Ah. The screen had darkened to black already, reflecting her sickly pale face, finally snapping to attention. She tapped at it again, and felt her stomach lurch. Drop. Light aflame, burn, melt away. In seconds, the phone was on the floor, launched into a smattering of crinkled and torn clematis petals on her pink rug. Cracked, now. Or had they always been there? How long? Not that it mattered, not anymore, not now.
She crawled over, shaking, laggard with leaden feet, and picked it up again, gaze only then catching fingers littered with cuts and scars that she swore hadn’t been there only two minutes ago. But that mattered not. After all, how could papercuts compare to a half-empty picture, love erased?
Or the full breaths you took when you saw her gone.
“That’s not true,” Mizi muttered, fingers squeezing around the pink plastic of her shattered phone. Careful not to touch the screen, lest she splinter it beyond repair. “I love her.” Not always. “You’re wrong. You’re—You’re wrong, she’s my god, my universe, she—You’re wrong.” And yet, look how angry you are.
Mizi didn’t reply. Couldn’t.
Because perhaps it was true. Perhaps she was angry, just a bit. A smidge. A modicum.
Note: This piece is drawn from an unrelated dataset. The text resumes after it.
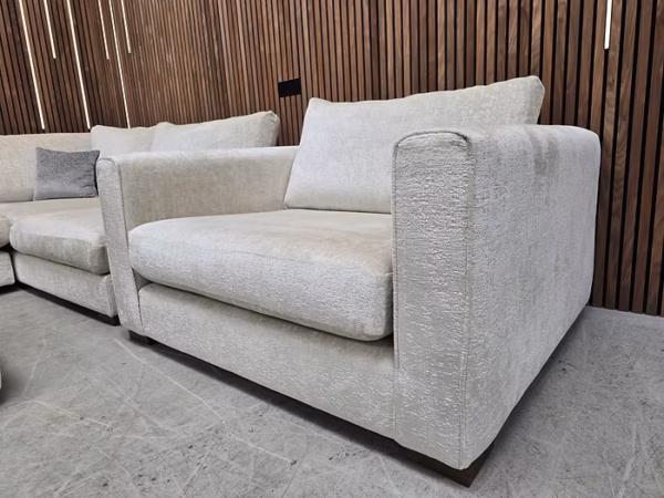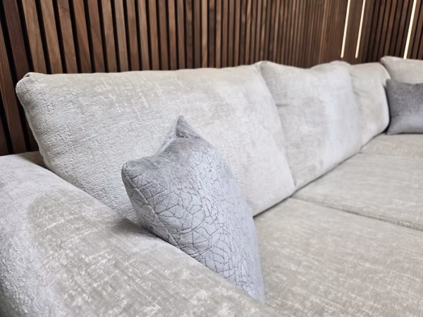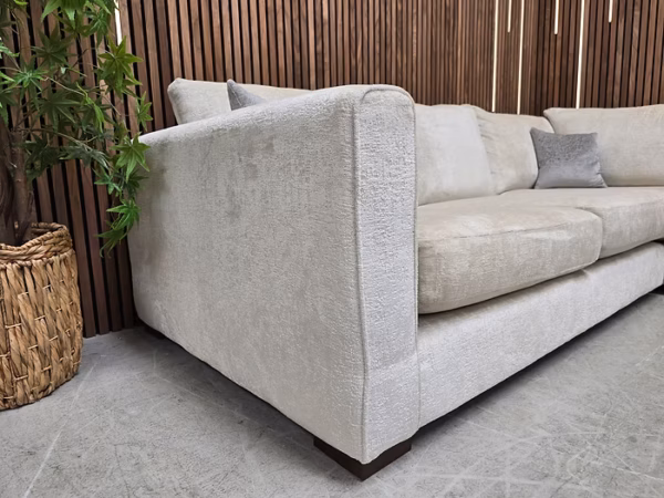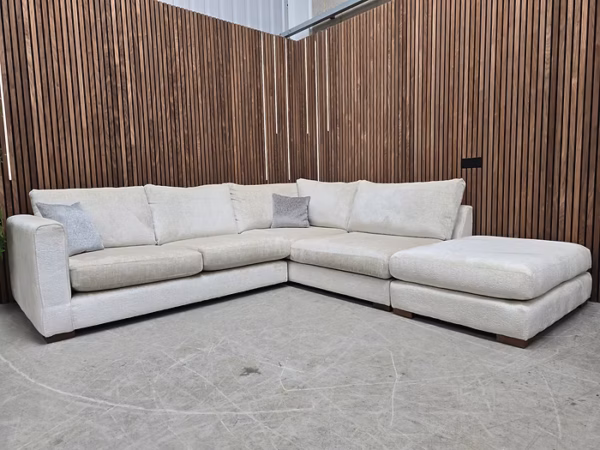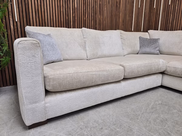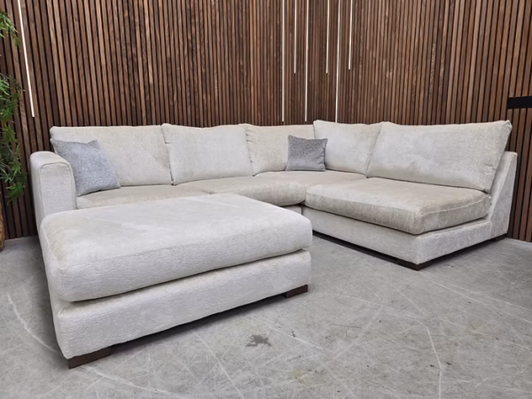 Designer Label Majestica RHF Small Corner Sofa, Loveseat & Footstool In Oyster Chenille RRP-£3298

But how could she not be, when Sua was as much a spectre as a person, when Sua glowed with more radiance than the shining sun and yet left not even a sliver of light in Mizi’s life? Not even a single, captured ray, for all the promises they’d made beneath the old tree by her house, secret contracts spoken into charged nothingness and sealed a hundred times over with the wispy blood of their souls. All nothing, now. Unrecorded, unwritten, and thus un-real. Mere fiction. Mizi wanted to laugh. Made to. Stopped herself, because the flowers which had taken root would rock to and fro and trap the bubbling derision in her lungs.
And then she laughed anyway, because her lungs were devoid of even the beginnings of a root. Empty. At the realisation, she laughed harder, hot tears pricking at her eyes like needles. In her hand, the phone’s screen again lit with a faint glow, and instantly it was turned over with a shrill shriek.
“Mizi,” ah, there she was. Her angel, her damnation. “Mizi, my mizi. Won’t you embrace me?” Hands warm with a frigid non-life petted her shoulders, then, roaming south. Prying her open from where she had been curled up, cackling into the bloodsoaked air of her room.
“I hate you,” Mizi rasped, hoarse and desperate. “It’s so hard, but I hate you. Even when you’re not you. Even when you’re me. I hate you.”
The angel before her did not answer, opting simply to slot their fingers together, pushing until they were splayed on the too-cold floor, leaning into the notch of Mizi’s neck, smiling that ethereal smile. The one she’d worn when she’d given Mizi this dreadful ailment. When she’d left her, lying through her perfect teeth still.
And yet, it was all Mizi could do to stay awake as a fresh wave of growth rippled through her grief-stricken body, pre-bloodied clematises blooming within her abyss. To apologise before they’d rip through her throat, and Sua was gone once more. To pretend she was ever there.